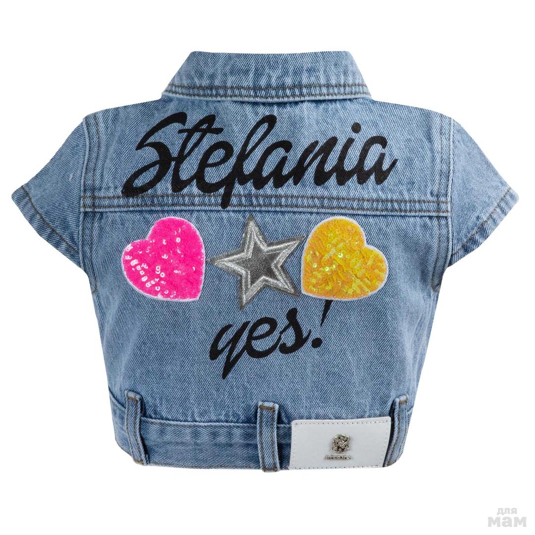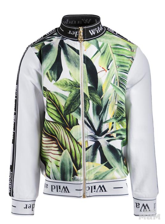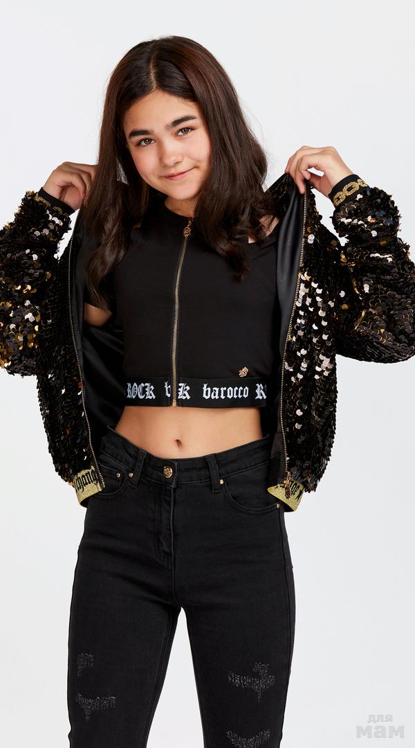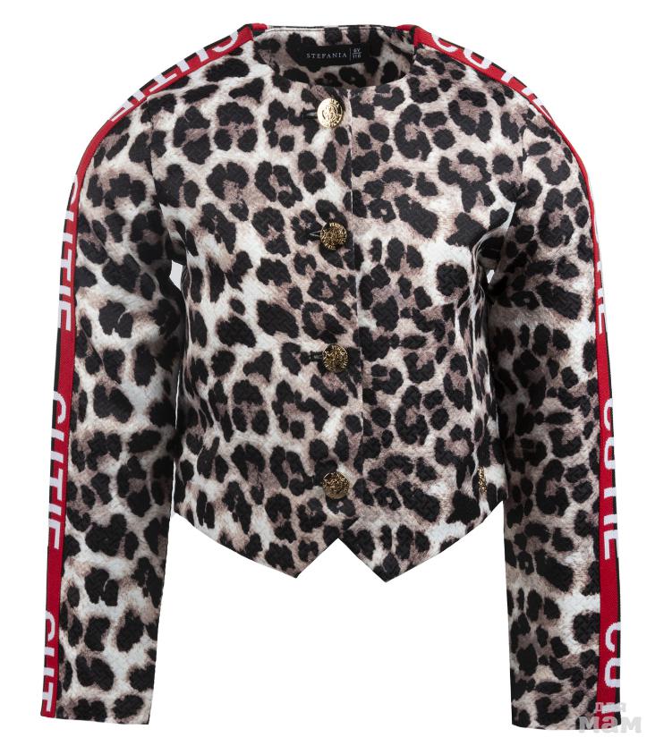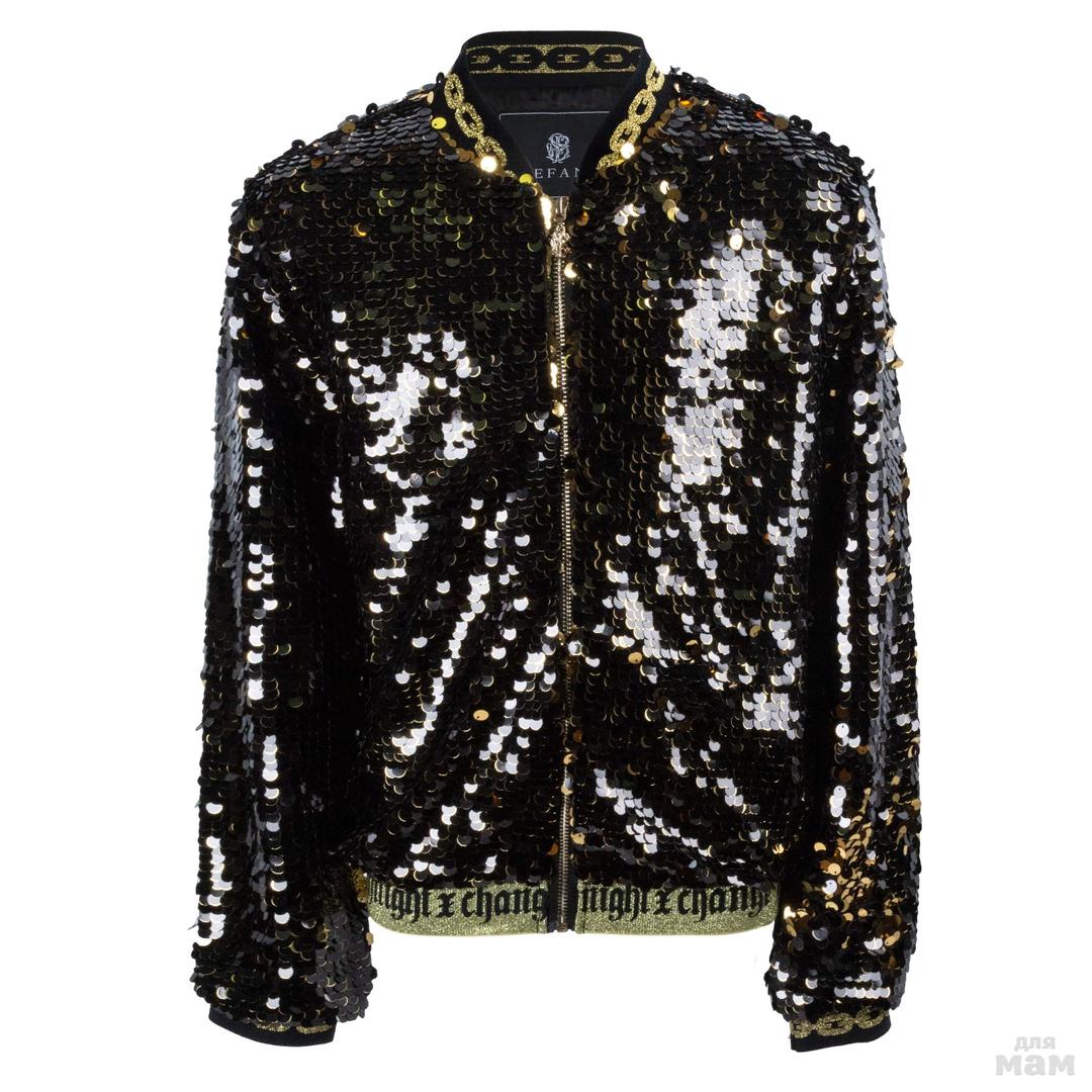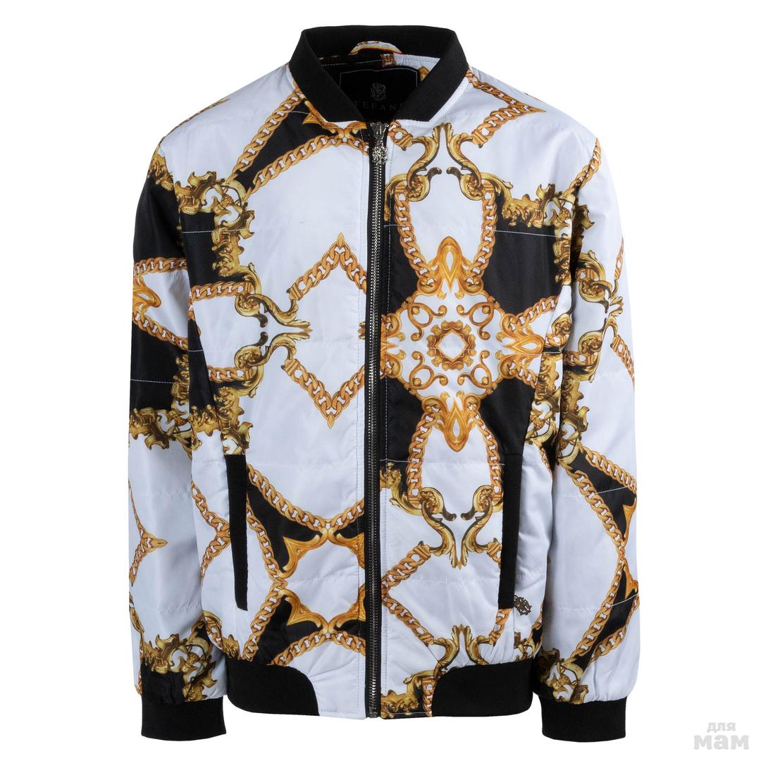 Бомбер из кордового гипюра, на молнии, на контрастной подкладке. Длинные рукава отделаны лампасами из контрастной тесьмы с надписями. Воротник, листочки боковых карманов и низ изделия из рибаны в полоску, низ рукавов из чёрной рибаны.
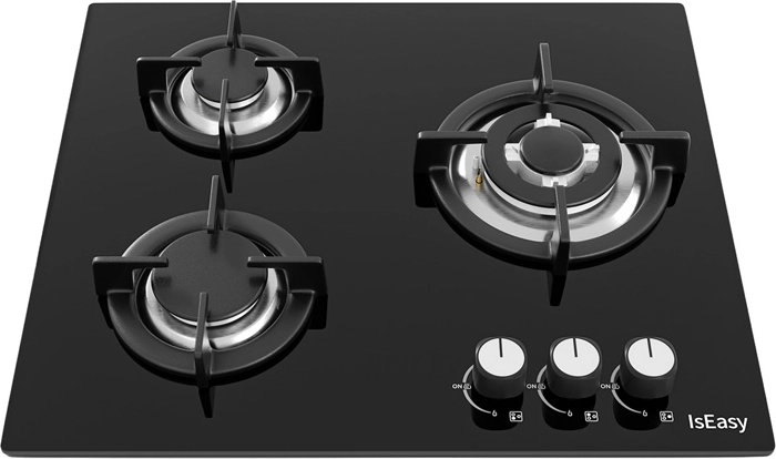 Black tempered glass is easy to keep clean and complements contemporary kitchens. Cast-iron grates keep cookware stable even during intense cooking, while mechanical knobs with integrated ignition provide quick, convenient flame start-up.
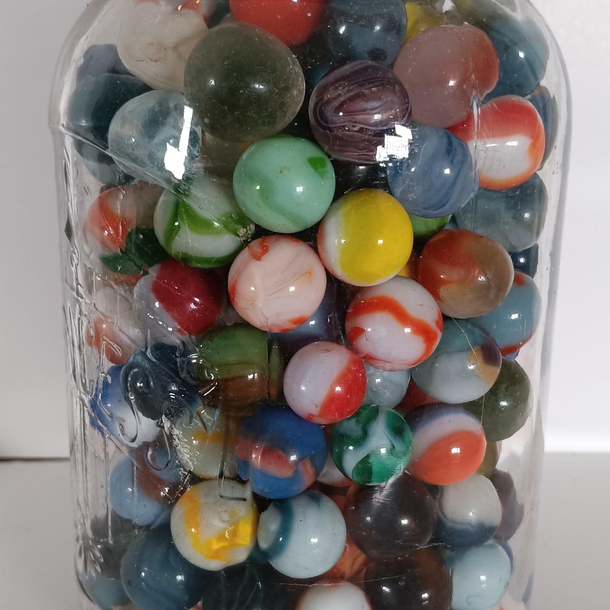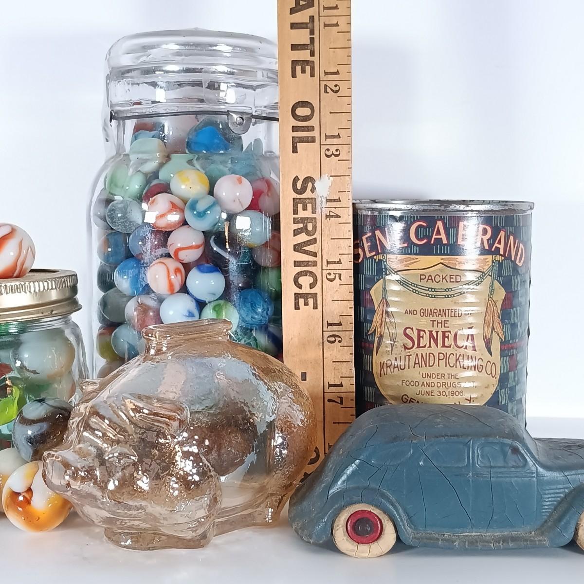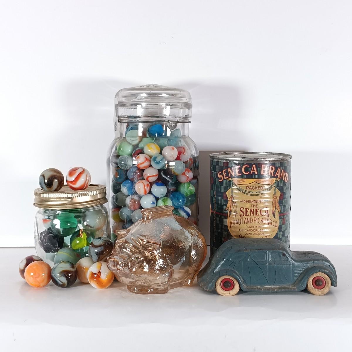 LOT 314: Vintage Marbles, Rubber DeSoto AirFlow Toy Car, Carnival Glass Piggy Bank & Seneca Sauerkraut Coin Bank
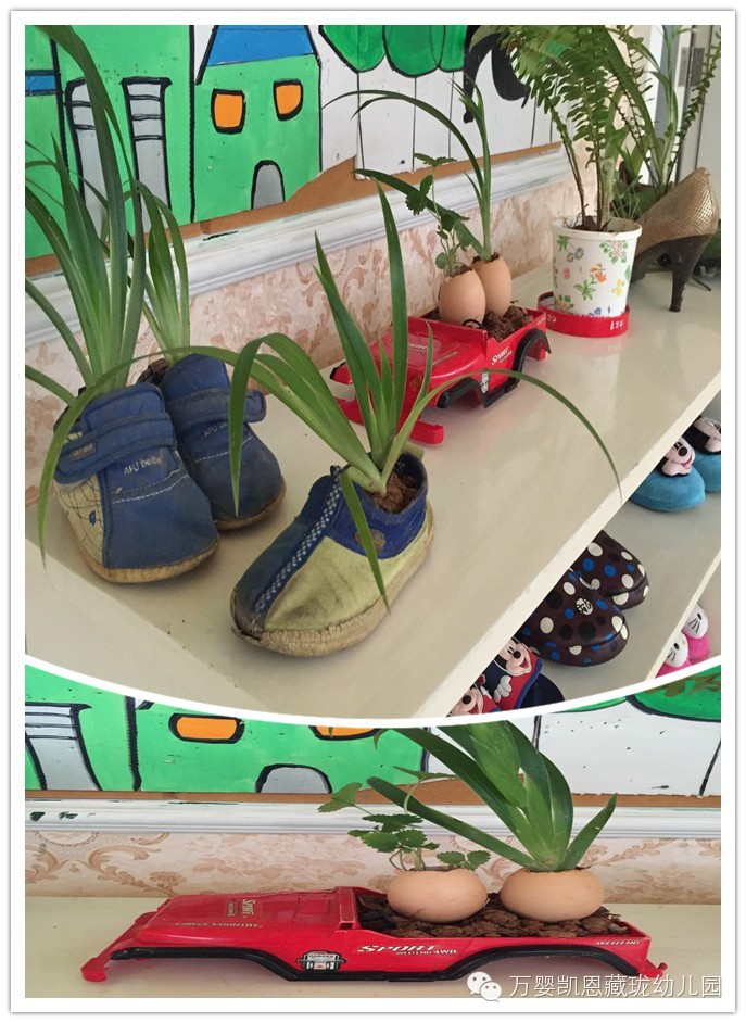 不穿了的鞋子,玩坏了的小汽车、鸡蛋壳等在这里都变成了充满艺术感的花器,创意不错吧?
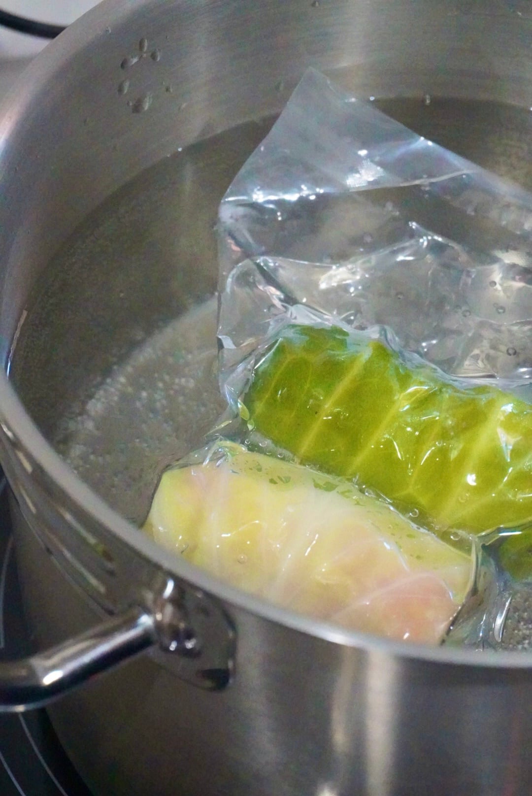 袋のまま、沸騰したお湯にいれ強火で湯煎22分。
◆ ◆ ◆ ◆
§ Task objective: Without the pictures, reproduce every entry exactly as written.

§ Result for this task:
 Бомбер из кордового гипюра, на молнии, на контрастной подкладке. Длинные рукава отделаны лампасами из контрастной тесьмы с надписями. Воротник, листочки боковых карманов и низ изделия из рибаны в полоску, низ рукавов из чёрной рибаны.
 Black tempered glass is easy to keep clean and complements contemporary kitchens. Cast-iron grates keep cookware stable even during intense cooking, while mechanical knobs with integrated ignition provide quick, convenient flame start-up.
 LOT 314: Vintage Marbles, Rubber DeSoto AirFlow Toy Car, Carnival Glass Piggy Bank & Seneca Sauerkraut Coin Bank
 不穿了的鞋子,玩坏了的小汽车、鸡蛋壳等在这里都变成了充满艺术感的花器,创意不错吧?
 袋のまま、沸騰したお湯にいれ強火で湯煎22分。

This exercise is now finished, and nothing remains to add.